Amid tension within some parts of the Ethereum ecosystem, Vitalik Buterin has outlined proposals for Ethereum’s L1 and L2 scaling, focusing on data throughput and proof systems to address network demands.

In his latest blog post, he described expansions to blob capacity and coordinated interoperability initiatives that aim to simplify cross-chain operations. The post highlighted a plan to balance technical solutions with Ethereum’s social structure, emphasizing that a single chain cannot meet all needs without risking decentralization. Buterin suggested that better security on L2s through multiple proving systems and standardized bridges could ease trust assumptions while allowing different networks to experiment with various virtual machines.

Buterin emphasized the role of “blob” space expansion as an immediate solution for easing layer-2 congestion and suggested that Ethereum’s base layer must accommodate growing data demands. The ecosystem currently processes about three blobs per slot—roughly 210 transactions per second—though updates labeled Pectra and PeerDAS may double or triple this throughput.

He stressed the need for a coordinated roadmap, with staking mechanisms possibly adjusting blob targets to match technical improvements. Buterin also mentioned more experimental concepts, including partial trust assumptions for stakers with fewer resources, though he advised caution with designs that risk undermining Ethereum’s core principles.
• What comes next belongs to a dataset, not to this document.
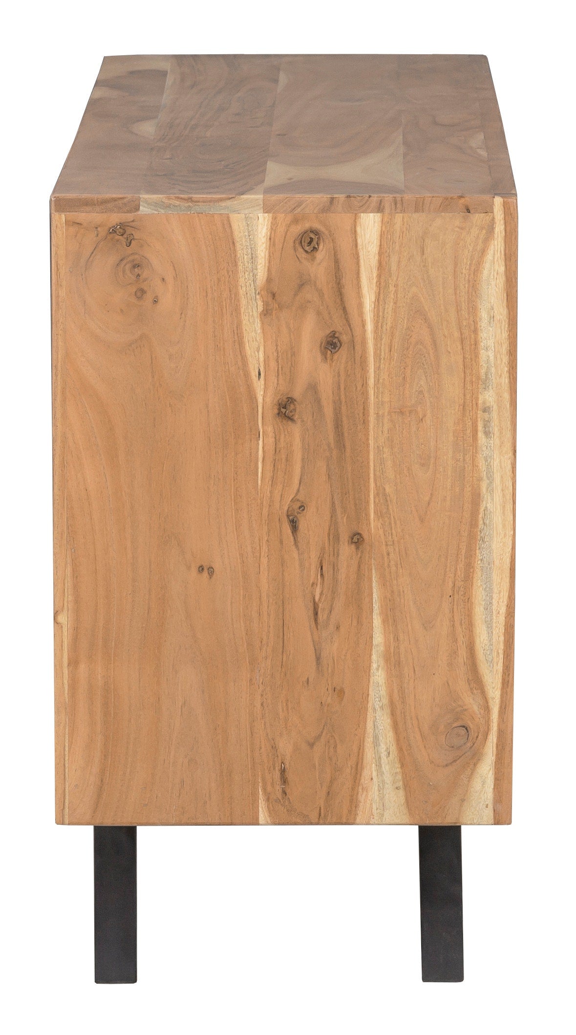 Inspired by the elements of nature, the Desert Storm Credenza is crafted from acacia wood and features sandstone veneered door fronts with uniquely colorful veining.

He explained that interoperability is a central priority. Rollups function like unique shards controlled by different entities, leading to inconsistent standards for message passing and address formats. This has created fragmentation for developers and users, motivating calls for cross-chain tools that preserve trustless security rather than relying on multisig bridges.

Buterin proposed unified methods for verifying proofs, accelerated deposit and withdrawal times, and chain-specific addresses, including identifiers for each layer-2 environment. Some developers see this approach as a key step toward user-friendly cross-chain navigation, though Buterin stressed that maintaining explicit security guarantees remains critical for all implementations.

Protecting ETH value in the Ethereum ecosystem

The post also addressed economic incentives to reinforce ETH as a triple-point asset, noting that a combination of fee burning on rollups, ongoing data fees from “blobs,” and on-chain revenue from potential maximal extractable value channels could anchor Ethereum’s monetary role.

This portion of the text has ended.